The rigor with which a study is conducted plays a role in how believable the results may be.[15],[16] Not all case-control, cohort or randomized studies are done to the same standards and thus if done multiple times, may have different results, both due to chance or due to confounding variables and biases. Briefly, if we take the example of a RCT one needs to look at all aspects of the methodology to see how rigorously the study was conducted. We present three examples of how different aspects of methodology may affect the results of a trial. While it is important to look closely at the methods section of a paper to see how the study was conducted, it must be remembered that if something has not been reported as being done (such as the method of randomization) it does not necessarily mean it was not done.[17] This illustrates the importance of tools such as the "Consolidated Standards of Reporting" (CONSORT) statement for reporting trials which attempts to improve the quality of reporting.[18],[19]


As randomization is the key to balancing prognostic variables, it is first necessary to determine how it was done. The most important concepts of randomization are that allocation is concealed and that the allocation is truly random. If it is known to which group a patient will be randomized it may be possible to potentially influence their allocation. Examples of this would include randomizing by chart number, birthdates or odd or even days. This necessarily introduces a selection bias which negates the effect of randomization. This makes concealment of allocation a vital component of successful randomization. Allocation can be concealed by having offsite randomization centers, web-based or phone-based randomization.


In surgical trials blinding is obviously not possible for some aspects of the trial. It is not possible (or ethical) to blind a surgeon, nor is it usually possible to blind a patient to a particular treatment. However, there are other aspects of a trial where blinding can play a role. For instance, it is possible to blind outcome assessors, the data analysts and potentially other outcomes' adjudicators. Thus it is important to understand who is doing the data collecting and ask, are they independent and were they blinded to the treatment received? If not, possible influences (either subconscious or not) on the patient and subsequent results can happen.


The number lost to follow-up is very important to know as clearly this can affect the estimate of treatment effect. While some argue that only a 0% loss to follow-up fully ensures benefits of randomization,[20] in general, the validity of a study may be threatened if more than 20% of patients are lost to follow-up.[5] Calculations of results should include a worst case scenario, that is, those that are lost to follow-up are considered to have the worst outcome in the treatment group and those lost to follow-up in the control group having the best outcome. If there is still a treatment effect seen between the groups then this makes a more compelling argument for the treatment effect observed being a valid estimate of the truth.[21]

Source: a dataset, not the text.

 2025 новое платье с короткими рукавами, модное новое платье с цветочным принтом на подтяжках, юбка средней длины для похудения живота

Scales have been devised that can rate a study based on its methodology and assign a score.[22] This does not always need to be done in daily practice however. Knowledge of the different areas of methodology though may affect interpretation of the results and allow for the recognition of a "strong" study which may then provide more compelling and "believable" results as compared to a "weaker" study.

Grades of recommendation

When truly does assessing the quality of a study in relation to the levels of evidence matter? It matters when a grade of recommendation is being developed. A very important concept is that a single high-level therapeutic study (in our case) does not imply a high grade of recommendation for treatment. A grade of recommendation can only be developed after a thorough systematic review of the literature and in many cases discussions with content experts.[2],[4],[23] When developing grades of recommendation, it becomes important to place weights on studies with more weight being given to studies of high quality and high on the hierarchy and less so to lesser quality studies.[2]

The GRADE working group suggests a system for grading the quality of evidence obtained from a thorough systematic review [Table - 1]. This should be done for all the outcomes of interest as well as all the potential harms. They suggest that once the total evidence has been graded then recommendations for treatment can be made.

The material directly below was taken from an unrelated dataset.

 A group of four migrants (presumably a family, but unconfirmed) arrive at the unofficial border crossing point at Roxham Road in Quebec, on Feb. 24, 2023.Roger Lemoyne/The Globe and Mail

The GRADE working group suggests that when making a recommendation for treatment four areas should be considered: 1) What are the benefits vs. harms? Are there clear benefits to an intervention or are there more harms than good? 2) The quality of the evidence, 3) Are there modifying factors affecting the clinical setting such as the proximity of qualified persons able to carry out the intervention? and 4) What is the baseline risk for the potential population being treated?[1] Once these factors are taken into consideration, the GRADE working group recommends a recommendation be placed into one of four categories. Either "do it" or "don't do it" and "probably do it" or "probably don't do it". The grades of "do it" or "don't do it" are defined as "a judgment that most well-informed people would make". The grades of "probably do it" or "probably don't do it" are defined as "a judgment that the majority of well-informed people would make but a substantial minority would not".[2]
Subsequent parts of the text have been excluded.